A Londoner of Ghanaian descent, Akomfrah says he is drawing on the connection between water and memory celebrated by his ancestors in the Accra region.

"The key deities of West Africa are water-centered, and most of them are deities of memory," he explains. "When you want to summon the gods, you pour libations, you pour water on the ground, and you start a series of incantations, and it's through the incantatory logic of your speech that they are supposed to come."

Since the early eighties, Akomfrah has been committed to exploring the psychic and cultural experience of diaspora and immigration—its concomitant losses, as well as the ways in which diasporic peoples, finding themselves displaced and dispossessed, reshape the world into which they arrive as strangers.

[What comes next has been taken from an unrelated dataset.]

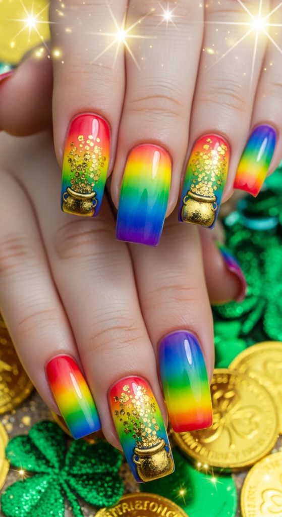 Inspired by Irish folklore, rainbow nails with a tiny pot of gold accent create a fun and colorful manicure.

Akomfrah says two opposing themes dominate his exploration of diaspora: "This question of protest—I don't want to be here, I want to go—and accommodation. Shit happens; we're here. Let's lie down by the rivers of Babylon and sing a song."

Akomfrah's expansive collage method and fictionalization of Bolden's life are an implicit argument that there are things we may know more deeply through fiction than through fact. In Akomfrah's reanimation, history is a mythology that lives on in our recursive imagination and in our retelling of it, illuminating the elisions of an archive in which protected materials are determined by race, class, health, and other factors. Like the best of Akomfrah's films, Precarity complicates the narratives of cultural memory and erasure, fiction and truth, assimilation and refusal.